TABLE 1. - Predictors of hospitalization during the SARS-CoV-2 reinfection (bivariate logistic regression analysis)
Predictors β P OR 95% CI
History
 CMV 1.96 0.02 7.13 1.2-39.1
 Steroid dose 0.21 0.04 1.324 1.01-1.52
 Creatinine 0.01 0.03 1.01 1.001-1.02
 CKD-EPI eGFR –0.04 0.003 0.96 0.94-0.98
 Proteinuria (g/24 h) 1.88 0.01 6.57 1.54-27.92
Primary SARS-CoV-2 infection
 Hospitalization during acute covid 1.38 0.02 4.0 1.28-12.5
 Pneumonia 1.42 0.01 4.13 1.35-12.67
 Stop MMF/Aza 1.18 0.04 3.26 1.01-10.59
 Rehospitalization—post-COVID 2.13 <0.001 8.4 2.38-29.6
SARS-CoV-2 reinfection
 Diarrhea 1.96 0.02 7.13 1.30-39.1
CKD-EPI, Chronic Kidney Disease Epidemiology Collaboration; CMV‚ cytomegalovirus; COVID‚ coronavirus disease; eGFR‚ estimated glomerular filtration rate; MMF‚ mycophenolate mofetil; SARS-CoV-2‚ severe acute respiratory syndrome coronavirus 2.

The hospitalization during the initial infection was identified as a risk factor for reinfection.1 In our study, hospitalization during the primary COVID-19 episode was a risk factor for hospitalization during the reinfection. However, hospitalization during the post–COVID-19 was a much stronger risk factor and remained significant in multivariate analysis. This suggests additional clinical problems that may influence the overall immunosuppressive status and increase the risk of reinfection in KTRs. Proteinuria has already been reported as a significant risk factor for hospitalization during the reinfection,2 whereas better renal allograft function had a protective role in this and previous studies.3

In cancer patients, prior vaccination did not affect mortality from reinfection.4 In the study by Morris et al, 2.4% of organ transplant recipients developed reinfection. Two of them were fully vaccinated. However, their study did not include the Omicron variant.5 In our study, vaccination did not affect hospitalization during the reinfection or mortality from reinfection.

The findings in this report are subject to several limitations. The observational nature of the study limits the ability to draw causal conclusions.
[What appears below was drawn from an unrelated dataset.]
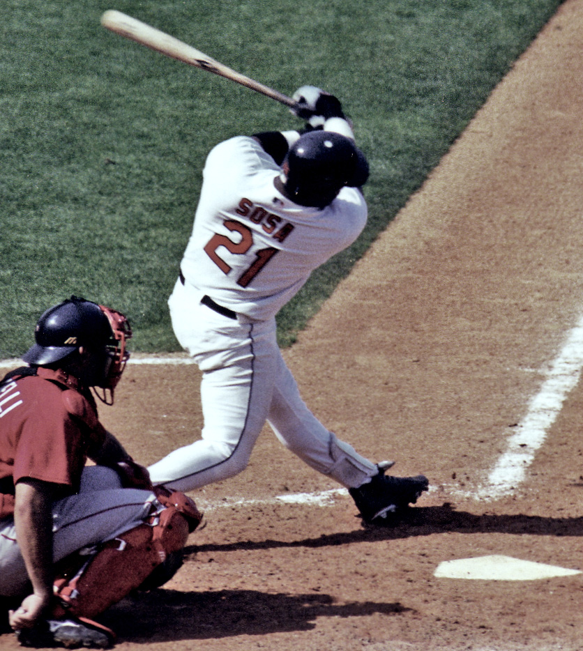 Sammy Sosa takes one of his famous might swings, Spring Training 2005. 17:05, 2 June 2005 . . Googie man . . 836×934 (398 KB)

We had no individual-level viral strain data. Vaccine efficacy was not determined. Strengths of the present study include its multicenter nature with a large number of patients and 100% nationwide coverage of several countries. The results are accurate as our patients have negative reverse transcription–polymerase chain reaction tests after the first SARS-CoV-2 infection, showing the true reinfection incidence. However, very high heterogeneity among patients and variables raises the possibility that the predictions for hospitalization and outcomes may not stand up with the accrual of greater numbers.

In conclusion, COVID-19 reinfection can occur in KTRs and may be severe. Further work is urgently needed to better understand COVID-19 reinfections.

REFERENCES

1. Munker D, Osterman A, Stubbe H, et al. Dynamics of SARS-CoV-2 shedding in the respiratory tract depends on the severity of disease in COVID-19 patients. Eur Respir J. 2021;58:2002724.
2. Karras A, Livrozet M, Lazareth H, et al. Proteinuria and clinical outcomes in hospitalized COVID-19 patients: a retrospective single-center study. Clin J Am Soc Nephrol. 2021;16:514–521.
3. Oto OA, Ozturk S, Turgutalp K, et al. Predicting the outcome of COVID-19 infection in kidney transplant recipients. BMC Nephrol. 2021;22:100.
4. Nitipir C, Parosanu AI, Olaru M, et al. Infection and reinfection with SARS-CoV-2 in cancer patients: a cohort study. Exp Ther Med. 2022;23:399.
5. Morris S, Anjan S, Pallikkuth S, et al. Reinfection with SARS-CoV-2 in solid-organ transplant recipients: incidence density and convalescent immunity prior to reinfection. Transpl Infect Dis. 2022;24:e13827.